Type: Pipeline / two-stage generation Purpose: The two techniques that scale and diversify synthetic SFT data without hand-authoring every seed. Reading the diagram: Top = Magpie self-prompting (diverse seed pool). Bottom = Evol-Instruct (complexity stretching). Combined = large, diverse, multi-difficulty candidate pool.

flowchart TD
  Template["Pre-query template\n(system prompt + start of user turn,\nNO actual instruction)"]
  Model["Instruct-tuned model\n(completes with a plausible instruction)"]

  Template --> Model
  Model -->|"sample many times\nwith temperature"| MagpieOut["DIVERSE SELF-PROMPTED\ninstruction set\n(no hand-authored seeds)"]

  Seeds["Seed instructions"]
  Evol["Evol-Instruct evolution\ndeepen reasoning · add constraints\nincrease specificity · branch"]

  Seeds --> Evol
  Evol -->|"N evolution steps"| EvolOut["COMPLEXITY-STRETCHED\ninstruction set\n(wider difficulty range)"]

  MagpieOut --> Combined["CANDIDATE POOL\nlarge · diverse · multi-difficulty"]
  EvolOut --> Combined
  Combined --> Gate["-> JUDGE FILTER (Diagram 3)"]

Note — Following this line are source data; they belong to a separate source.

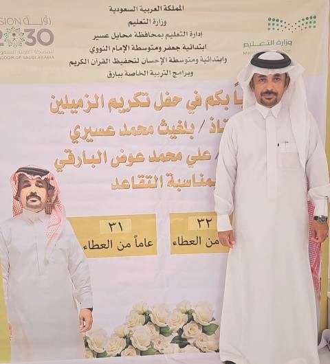 احتفى مساء أمس مجمع جعفر والنووي والإحسان وبرامج التربية الخاصة بمحافظة بارق بتقاعد الأستاذان بلغيث محمد عسيري وعلي محمد عوض البارقي بعد رحلة طويلة مع العمل التربوي الميداني امضوها في عدد من المدارس والمحاضن التعليمية .
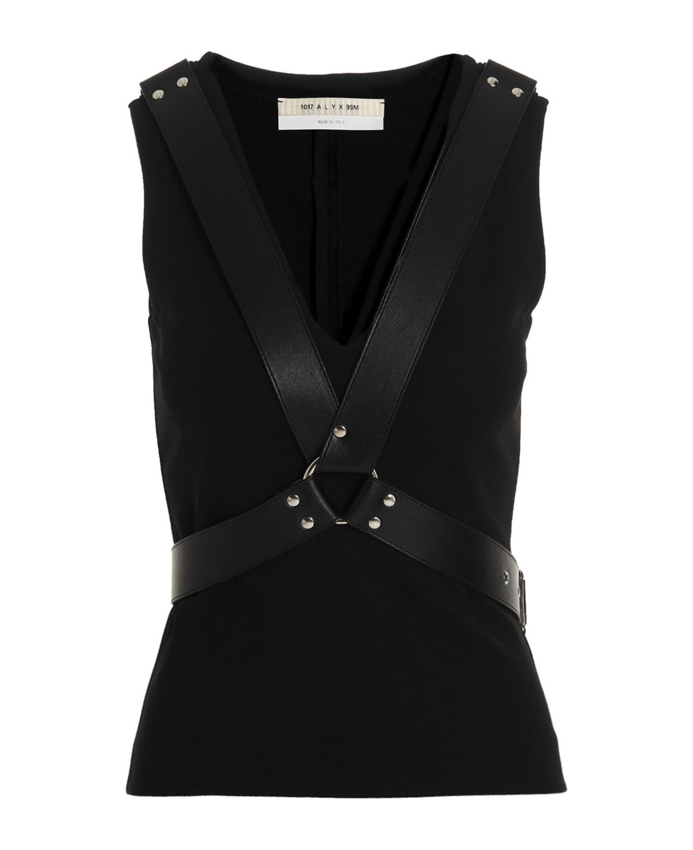 Harness' viscose and viscose blend top with leather harness. s.
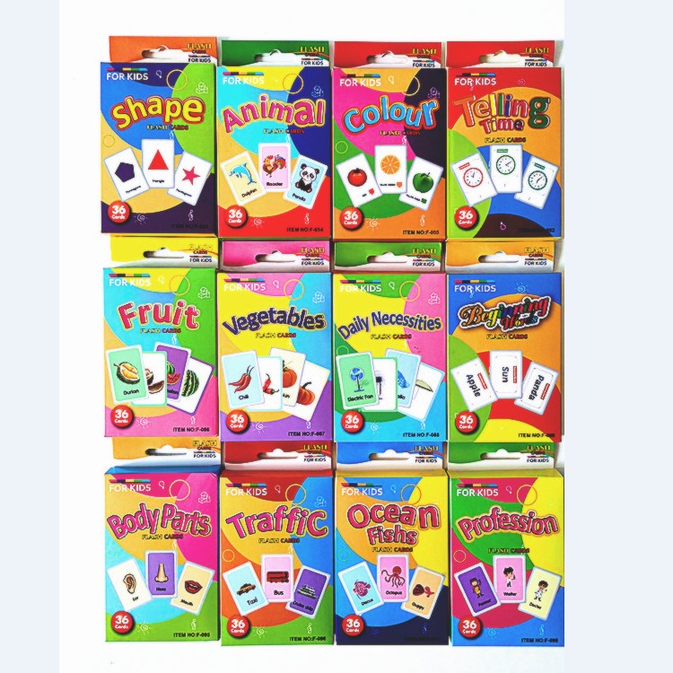 Flash card Vocabulary 36 Cards Photo Bright Colors Learn English Memory For Children
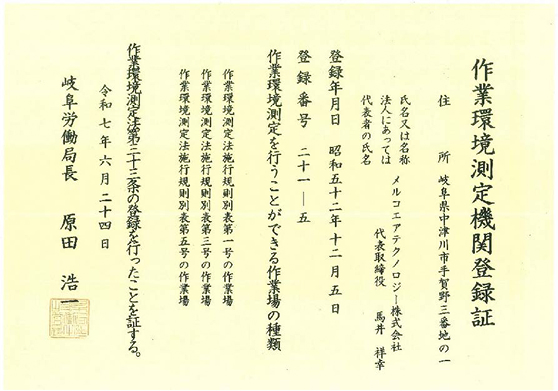 作業環境測定法第33条、同法施行規則第53条に基づく作業環境測定機関(岐阜労働局長登録)
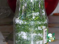 На дно баночки насыпать соль. Лучше конечно брать крупного помола. Засыпать слой укропа. |
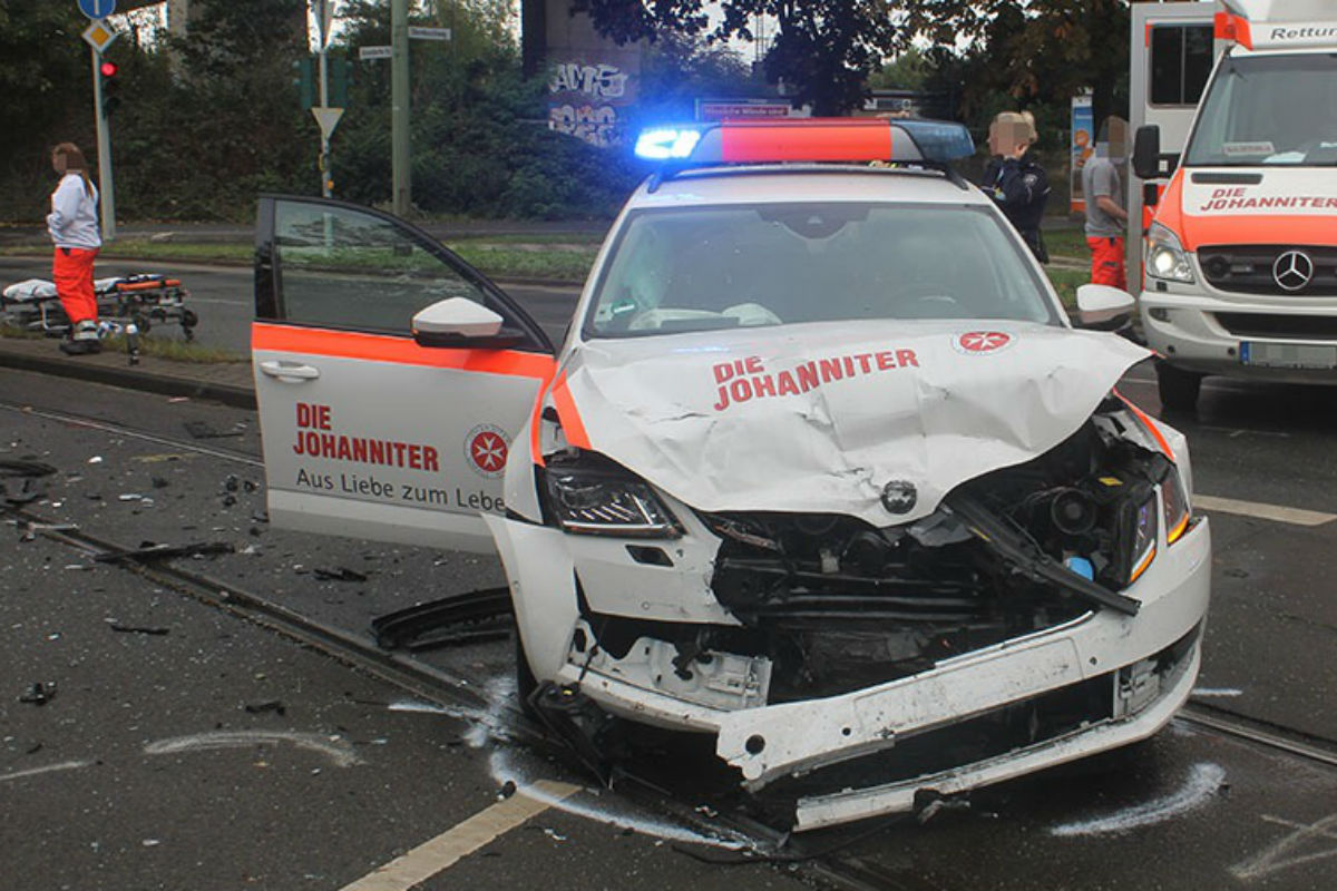 Am Dienstag (1. Oktober) kollidierten gegen 13.15 Uhr im Kreuzungsbereich Düsseldorfer Straße / Sternbuschweg in Hochfeld ein Skoda des Johanniter-Unfall-Hilfe e.V. mit einem schwarzen Hyundai.
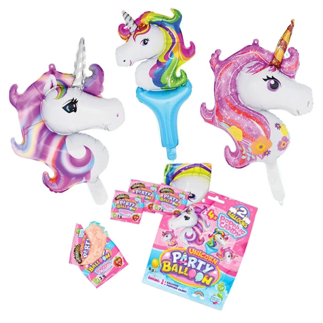 - Comprend 2 ballons licorne à gonfler avec de l’air et 4 sacs de bonbons croustillants.

  style Template fill:#14141f,stroke:rgba(94,234,212,0.5),color:#e4e4e8
  style Model fill:#14141f,stroke:rgba(94,234,212,0.5),color:#e4e4e8
  style MagpieOut fill:#14141f,stroke:#5eead4,stroke-width:1.5px,color:#e4e4e8
  style Evol fill:#14141f,stroke:rgba(94,234,212,0.5),color:#e4e4e8
  style EvolOut fill:#14141f,stroke:#5eead4,stroke-width:1.5px,color:#e4e4e8
  style Combined fill:#14141f,stroke:#5eead4,stroke-width:2px,color:#5eead4
  style Gate fill:#08080c,stroke:rgba(94,234,212,0.4),stroke-dasharray:4 2,color:#5eead4

Diagram 3 — Judge Filter + Dedup: The Quality Gate

Type: Sequential filter Purpose: The quality gate that sets the dataset's ceiling. Judge scoring + threshold filtering + sentence-transformers dedup. Reading the diagram: The candidate pool flows through the judge (score), the threshold filter (drop noise), and the dedup (drop near-duplicates). What exits is the curated training set.

flowchart LR
  Pool["CANDIDATE POOL\n(generated, noisy)"]
  Judge["LLM-as-judge\nscore each response on\ncorrectness · helpfulness\nrelevance · conciseness"]
  Threshold["THRESHOLD FILTER\nkeep score >= cutoff\ndrop below"]
  Dedup["SENTENCE-TRANSFORMERS DEDUP\nembed · pairwise similarity\ndrop near-duplicates"]
  Curated["CURATED DATASET\neach example: distinct signal\nquality-validated"]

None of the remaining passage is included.